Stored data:
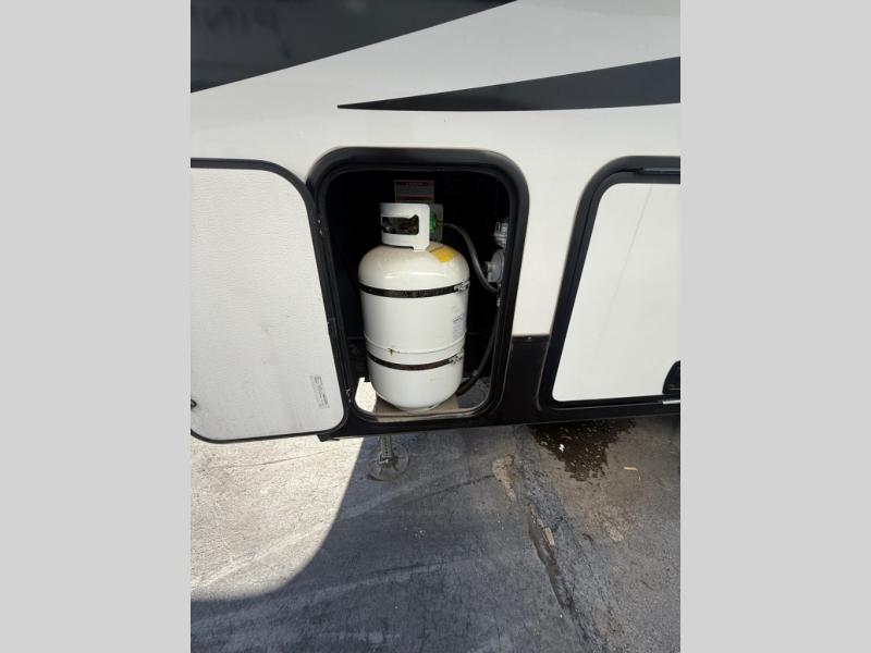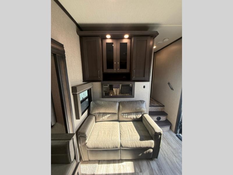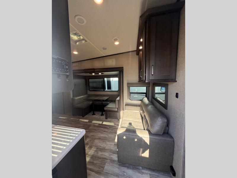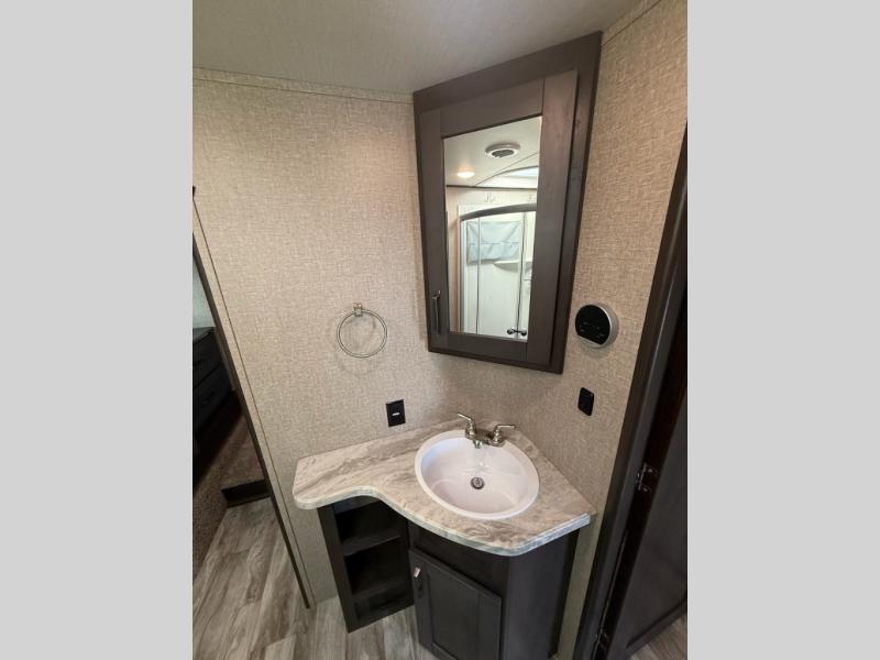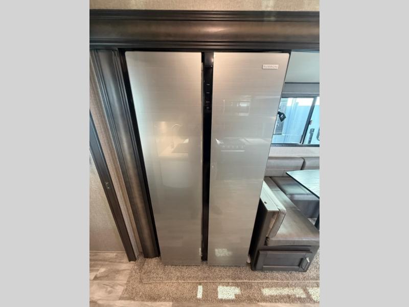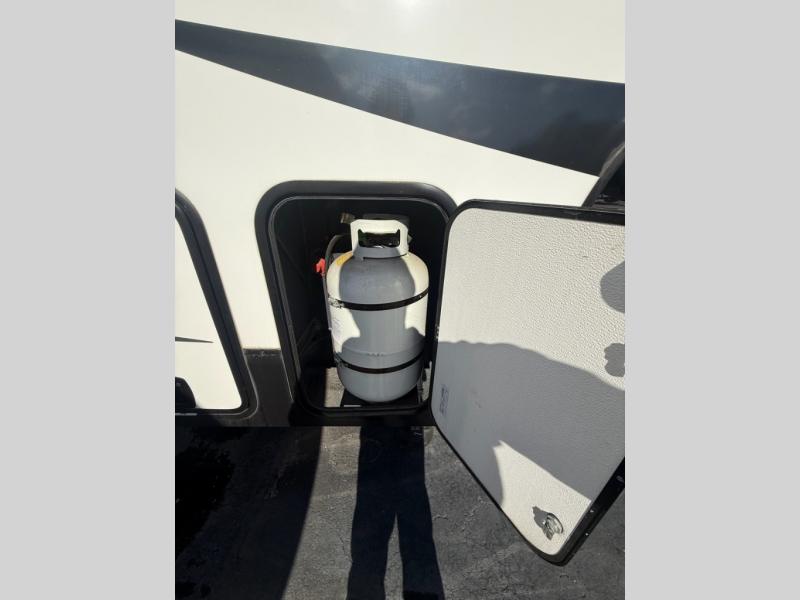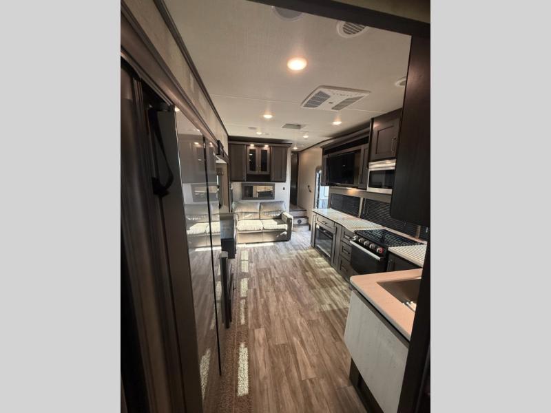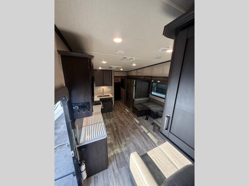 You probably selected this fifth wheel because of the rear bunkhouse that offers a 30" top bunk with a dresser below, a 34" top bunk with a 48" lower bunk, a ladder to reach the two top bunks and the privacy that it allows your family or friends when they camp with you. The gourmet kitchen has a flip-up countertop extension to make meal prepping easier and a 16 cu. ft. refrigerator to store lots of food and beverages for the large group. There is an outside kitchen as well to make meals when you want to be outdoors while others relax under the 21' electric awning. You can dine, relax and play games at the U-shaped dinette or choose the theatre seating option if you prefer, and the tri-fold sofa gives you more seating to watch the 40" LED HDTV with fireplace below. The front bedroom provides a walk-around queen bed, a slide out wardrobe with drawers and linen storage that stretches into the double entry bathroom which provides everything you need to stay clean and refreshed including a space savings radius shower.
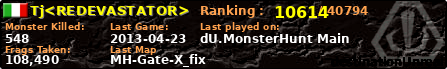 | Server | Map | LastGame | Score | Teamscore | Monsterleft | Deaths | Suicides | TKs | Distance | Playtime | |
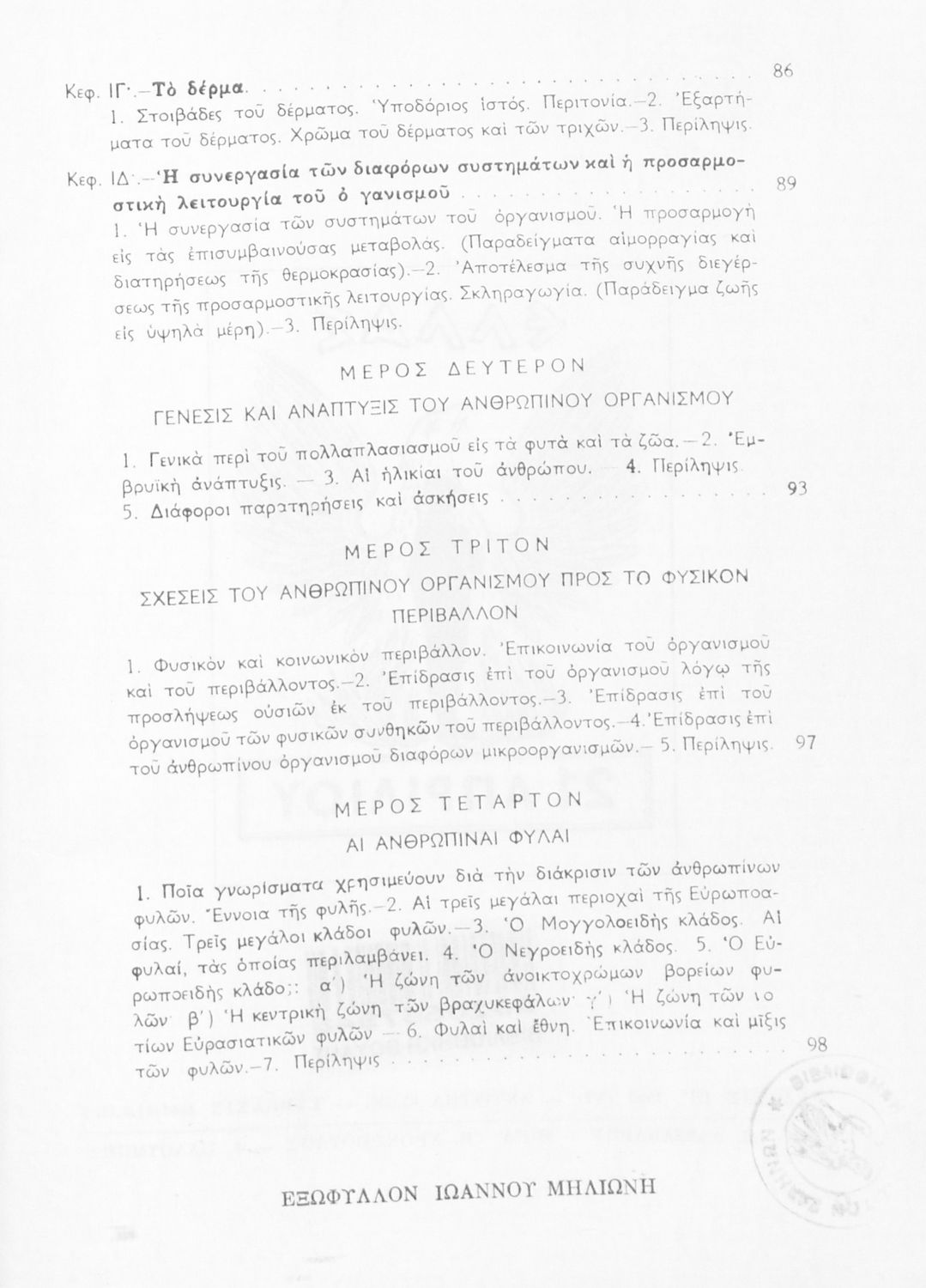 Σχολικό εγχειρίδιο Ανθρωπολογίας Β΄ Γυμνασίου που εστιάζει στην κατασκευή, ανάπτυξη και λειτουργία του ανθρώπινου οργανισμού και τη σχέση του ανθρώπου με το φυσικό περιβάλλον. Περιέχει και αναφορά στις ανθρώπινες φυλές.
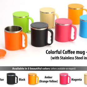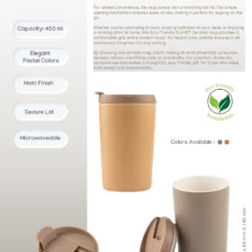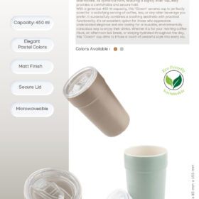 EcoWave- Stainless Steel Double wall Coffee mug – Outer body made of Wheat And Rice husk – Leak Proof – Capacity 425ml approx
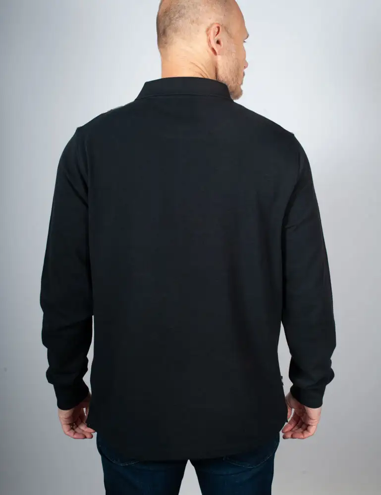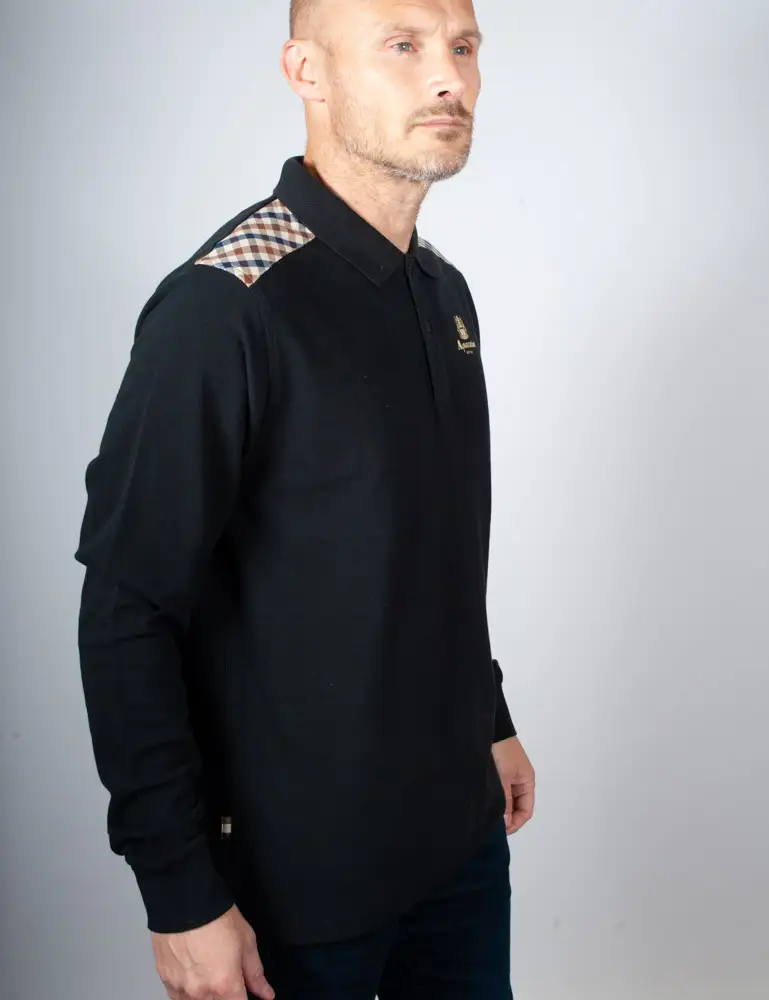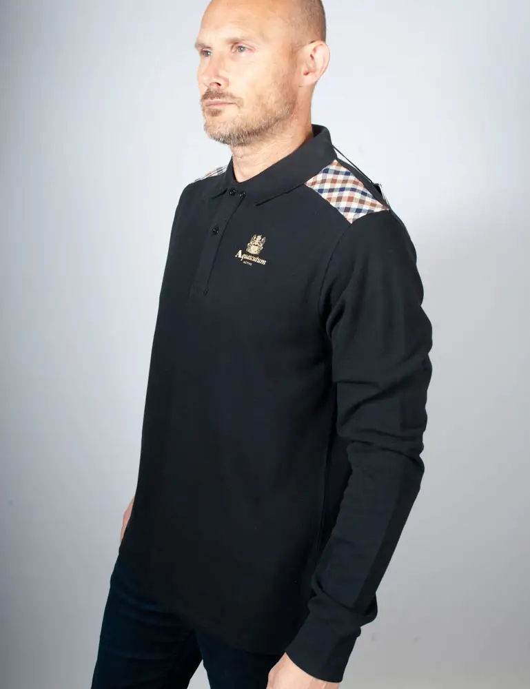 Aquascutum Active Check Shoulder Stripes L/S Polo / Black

EXERCISE INSTRUCTIONS>
Extract the run of lines beginning with the line that holds "EcoWave- Stainless Steel" and ending at the last line of the data, inclusive. Exclude any pictures from the copy.

SOLUTION FOR THIS EXERCISE>
 EcoWave- Stainless Steel Double wall Coffee mug – Outer body made of Wheat And Rice husk – Leak Proof – Capacity 425ml approx
 Aquascutum Active Check Shoulder Stripes L/S Polo / Black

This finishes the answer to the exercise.